The following blog post, unless otherwise noted, was written by a member of Gamasutra’s community.
The thoughts and opinions expressed are those of the writer and not Gamasutra or its parent company.

 

Videogames are filled with conversations. These range from simple barks to deep and varied dialogue trees, but they're fairly prevalent regardless of implementation.

And it makes sense, too. People like stories, and stories are built on characters.

Despite this fairly natural desire for dialogue, games used to be pretty devoid of conversations. This struck me as particularly odd in RPG's where groups of people set out on a quest to save the world. After all, one would assume the journey would foster some banter and comradery.

Cutscenes eventually filled the void, but it took a while for another mechanism to catch on: letting the player manually choose to speak to his followers.

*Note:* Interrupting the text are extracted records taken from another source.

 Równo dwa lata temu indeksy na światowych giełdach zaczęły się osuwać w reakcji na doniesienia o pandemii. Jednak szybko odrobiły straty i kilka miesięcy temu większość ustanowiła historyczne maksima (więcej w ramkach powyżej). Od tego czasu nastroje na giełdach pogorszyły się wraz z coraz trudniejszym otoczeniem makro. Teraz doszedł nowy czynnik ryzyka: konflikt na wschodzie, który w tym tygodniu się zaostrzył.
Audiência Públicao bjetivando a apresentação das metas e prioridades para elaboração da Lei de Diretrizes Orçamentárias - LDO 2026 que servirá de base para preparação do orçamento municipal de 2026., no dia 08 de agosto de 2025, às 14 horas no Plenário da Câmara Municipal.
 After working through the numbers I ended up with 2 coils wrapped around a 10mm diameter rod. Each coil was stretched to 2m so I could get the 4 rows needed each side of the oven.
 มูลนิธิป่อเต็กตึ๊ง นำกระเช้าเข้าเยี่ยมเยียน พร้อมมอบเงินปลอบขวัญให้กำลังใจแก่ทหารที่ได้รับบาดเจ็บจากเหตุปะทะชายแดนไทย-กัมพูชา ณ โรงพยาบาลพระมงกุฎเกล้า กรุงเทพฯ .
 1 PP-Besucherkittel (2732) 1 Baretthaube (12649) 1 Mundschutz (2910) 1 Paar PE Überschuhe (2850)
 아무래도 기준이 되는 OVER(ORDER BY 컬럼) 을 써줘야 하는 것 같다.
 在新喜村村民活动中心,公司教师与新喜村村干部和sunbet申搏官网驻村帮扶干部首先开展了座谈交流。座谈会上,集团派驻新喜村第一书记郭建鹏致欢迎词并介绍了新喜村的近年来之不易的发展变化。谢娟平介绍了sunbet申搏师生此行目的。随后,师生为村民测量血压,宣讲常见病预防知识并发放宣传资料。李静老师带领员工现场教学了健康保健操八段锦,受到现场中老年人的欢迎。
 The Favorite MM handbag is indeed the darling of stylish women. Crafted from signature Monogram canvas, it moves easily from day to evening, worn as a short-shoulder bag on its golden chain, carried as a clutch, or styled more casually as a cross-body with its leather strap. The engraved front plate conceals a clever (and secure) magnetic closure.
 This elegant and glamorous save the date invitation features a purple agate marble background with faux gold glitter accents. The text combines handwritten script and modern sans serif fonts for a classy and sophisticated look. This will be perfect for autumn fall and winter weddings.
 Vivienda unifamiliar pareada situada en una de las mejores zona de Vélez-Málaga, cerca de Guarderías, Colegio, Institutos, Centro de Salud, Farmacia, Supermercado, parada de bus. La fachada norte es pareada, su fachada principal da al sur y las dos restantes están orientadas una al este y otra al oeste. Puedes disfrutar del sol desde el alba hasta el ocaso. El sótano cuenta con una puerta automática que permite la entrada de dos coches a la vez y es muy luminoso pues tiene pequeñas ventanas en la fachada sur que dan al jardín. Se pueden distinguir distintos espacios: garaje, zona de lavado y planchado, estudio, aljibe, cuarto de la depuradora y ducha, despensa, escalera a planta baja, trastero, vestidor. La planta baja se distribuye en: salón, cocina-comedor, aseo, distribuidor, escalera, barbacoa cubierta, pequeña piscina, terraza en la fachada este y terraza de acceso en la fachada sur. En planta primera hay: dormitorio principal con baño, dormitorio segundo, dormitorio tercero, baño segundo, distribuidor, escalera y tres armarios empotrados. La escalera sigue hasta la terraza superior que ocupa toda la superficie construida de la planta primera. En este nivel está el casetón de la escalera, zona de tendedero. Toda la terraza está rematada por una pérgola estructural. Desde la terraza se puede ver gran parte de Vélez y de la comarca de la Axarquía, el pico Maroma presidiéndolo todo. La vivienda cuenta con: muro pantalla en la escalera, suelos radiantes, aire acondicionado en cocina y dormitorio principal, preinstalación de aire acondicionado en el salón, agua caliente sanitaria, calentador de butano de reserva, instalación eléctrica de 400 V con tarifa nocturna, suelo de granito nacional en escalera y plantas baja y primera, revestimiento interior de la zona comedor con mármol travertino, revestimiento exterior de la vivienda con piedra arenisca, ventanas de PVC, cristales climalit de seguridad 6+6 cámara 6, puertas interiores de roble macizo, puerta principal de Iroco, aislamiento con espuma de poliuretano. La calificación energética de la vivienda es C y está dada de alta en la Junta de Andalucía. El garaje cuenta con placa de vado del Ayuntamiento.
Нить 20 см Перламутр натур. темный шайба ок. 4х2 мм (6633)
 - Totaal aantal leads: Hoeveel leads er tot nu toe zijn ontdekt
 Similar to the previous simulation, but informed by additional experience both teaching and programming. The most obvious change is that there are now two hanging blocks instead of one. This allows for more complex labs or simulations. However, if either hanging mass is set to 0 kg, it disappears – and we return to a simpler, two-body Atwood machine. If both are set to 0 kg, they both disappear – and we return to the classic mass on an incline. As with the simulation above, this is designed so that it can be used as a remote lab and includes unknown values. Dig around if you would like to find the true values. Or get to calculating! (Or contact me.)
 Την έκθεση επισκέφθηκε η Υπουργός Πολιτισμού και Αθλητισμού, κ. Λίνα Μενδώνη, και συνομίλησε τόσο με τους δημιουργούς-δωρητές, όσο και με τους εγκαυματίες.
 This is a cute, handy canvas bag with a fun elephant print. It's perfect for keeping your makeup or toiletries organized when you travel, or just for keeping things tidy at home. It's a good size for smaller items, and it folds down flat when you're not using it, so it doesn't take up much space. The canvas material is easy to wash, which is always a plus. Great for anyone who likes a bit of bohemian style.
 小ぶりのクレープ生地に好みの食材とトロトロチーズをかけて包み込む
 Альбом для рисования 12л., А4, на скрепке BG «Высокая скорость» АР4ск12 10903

Planescape: Torment was one of the first titles to do this, and its discussions on the Circle of Zerthimon remain one of my favourite examples of player-initiated dialogue.

Introduction

"No wonder my back hurts; there's a damn novel written there."

Planescape: Torment opens up with its scarred protagonist, The Nameless One (TNO), waking up in a morgue. A talking skull quickly floats by initiating a conversation.


The "cant" is a bit alienating at first, but it adds another layer of immersion to the setting.

We soon find out that Planescape: Torment is not afraid of being verbose. Dialogue is plentiful and it's buffeted by descriptions, creating entire paragraphs that read like a novel. The Planescape cant -- 19th Century British slang -- adds further colour to the text.

Morte, the talking skull, informs us that TNO is effectively immortal as he resurrects each time he dies. The caveat is that he risks losing his memories whenever this happens, which is exactly how the game begins.

A Meeting at the Smoldering Corpse Bar

"Here? This is the Smoldering Corpse, though the person smoldering ain't dead yet."

TNO's only clues to his past are rather vague; all he knows is that he's missing a journal and should seek out a man named Pharod.


A motley crew at the aptly-named Smoldering Corpse bar.

Sigil is a wondrous city, but in some ways it's not that much different from a typical fantasy hub. To get a few quick answers, the easiest solution is to visit the local tavern.

The gruesome Smoldering Corpse bar is filled with all sorts of interesting characters, one of whom is noted to be observing TNO. His name is Dak'kon, and he's a withered old githzerai who wields a shimmering glaive.

Talking to Dak'kon reveals that his weapon, a karach, is shaped and sharpened by his mind. The karach represents a zerth, a follower of Zerthimon, but Dak'kon's blade is somewhat degraded due to a spiritual crisis. The githzerai dwell in the ethereal world of Limbo, forging their surroundings from clear thought, so this is a fairly significant issue.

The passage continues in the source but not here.